Nada
poderia ser mais esquisito do que chuva e sol na hora do almoço. A natureza
enlouqueceu, só pode. Nem dá para escrever sobre isso. A necessidade lógica nos
leva a pensar em um dia de sol ou em um dia chuvoso. Dia ensolarado com chuva,
não dá. Até perdi a fome.
-
Dona Gorete, traz um café com leite, por favor.
-
Já vou!
-
Mais café do que leite, dona Gorete.
-
Tá aqui.
-
Dona Gorete, é a enésima vez que peço mais café do que leite e a senhora me vem
com mais leite do que café.
-
Leite é bom.
-
Eu sei, dona Gorete. Agora vai lá e põe mais café nesta caneca, por favor.
Ela
saiu entoando uma cantiga esquisita, no mínimo:
-
Sol e chuva, casamento de viúva. Chuva e
sol, casamento de espanhol. Sol e chuva, casamento de viúva. Chuva e sol,
casamento de espanhol.
-
Hã?
-
Sol e chuva, casamento de viúva. Chuva e
sol, casamento de espanhol.
-
Dona Gorete, pelamor...
-
O senhor não conhece essa cantiga não?
-
Se já a ouvi, não me recordo.
As
crianças brincando na rua pareciam uma assembleia de curicas. Tive de ir fechar
a janela – é desleal pedir às crianças que brinquem sem curicar, assim como é
desleal passar a infância sem ter pelo menos um balão de hélio.

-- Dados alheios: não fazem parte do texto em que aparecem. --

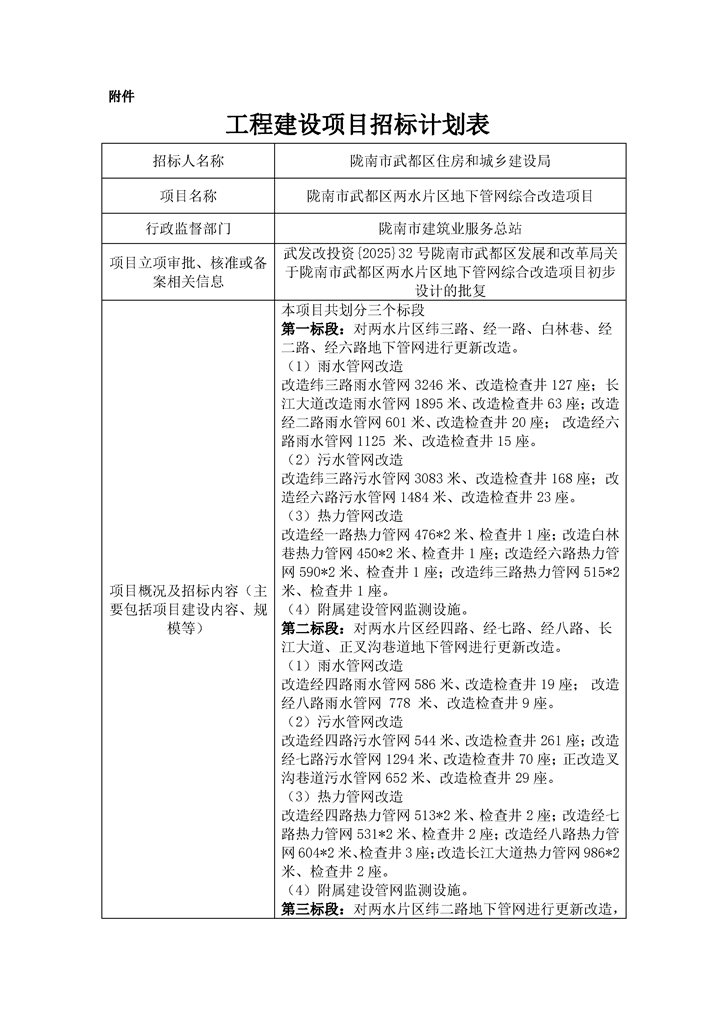 隴南市武都區(qū)兩水片區(qū)地下管網(wǎng)綜合改造項(xiàng)目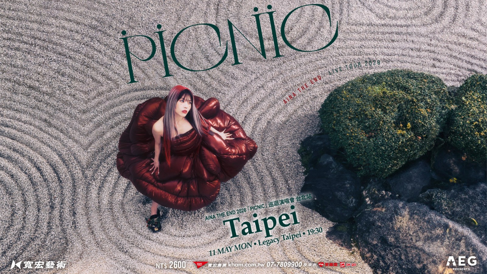 歌手 AiNA THE END 確定於 2026 年 5 月 11 日舉辦巡迴演唱會「AiNA THE END LIVE TOUR 2026–PICNIC–」台北站,地點為 Legacy Taipei。票券將於 1 月 28 日上午 10:00 寬宏售票開賣。

Se eu pudesse
baixar um decreto nacional seria este:
“É
DEVER DO ESTADO:
·
Fornecer condições dignas de
nascimento a cada brasileiro e brasileira;
·
Proporcionar aos brasileiros e
brasileiras a educação bonita dos manuais de pedagogia;
·
Propiciar aos brasileiros e brasileiras
professores bem formados, saudáveis na mente e no corpo e remunerados de acordo
com o grau de importância de sua atividade profissional, a qual é condição sine qua non para a existência de todas
as outras profissões.
·
Fornecer pelo menos um balão de hélio
a cada brasileiro e brasileira em idade de brincar;
·
Permitir aos brasileiros e brasileiras
em idade de brincar o direito ao uso livre e irrestrito da imaginação.
·
Baixar os preços dos livros e aumentar
os preços da cachaça e similares, dos cigarros e das entradas para shows de manifestações
artísticas massificadas.
Dê-se
ciência e cumpra-se.”
Retomemos
a história: os meninos jogavam bola descalços no asfalto, misturando água de
chuva, suor e dribles; os times eram os com
camisa e os sem camisa. Duas meninas
conversavam mais curicamente do que todas as outras crianças ali presentes. Estavam
exatamente abaixo da minha janela, protegendo-se da chuva e do sol. Por uns
instantes estiquei o ouvido para ouvir sua conversa:
-
Você sabe por que está chovendo e o céu não está escuro?
-
Minha mãe diz que é São Pedro lavando a casa.
-
Claro que não.
-
Então o que é?
-
A chuva e o sol de vez em quando se encontram para conversar. É normal isso, todo
mundo gosta de conversar.
-
E sobre o que será que eles conversam?
-
Eu acho que é sobre as flores e as árvores e o mato. Olha só: eles precisam
tanto da água da chuva, quanto do calor do sol para viver. Então a chuva e o
sol olham para o seu jardim que é o mundo todinho, deste tamanhão assim (ao
falar, esticou os braços o máximo que pôde) e começam a conversar sobre o que o
jardim precisa para ficar mais bonito.
-
E do que será?
-
Chuva e sol.
-
E a terra?
-
Também. Já viu alguma planta crescer no asfalto?
A
conversa deve ter continuado por muitos minutos após o fechamento da janela. Voltei
para a caneca de café com leite, convencido de que o que é bonito não precisa
ser lógico ou ilógico, verdadeiro ou falso. Pensei também em almoçar, porque as
borboletas do jardim voavam freneticamente dentro da minha barriga.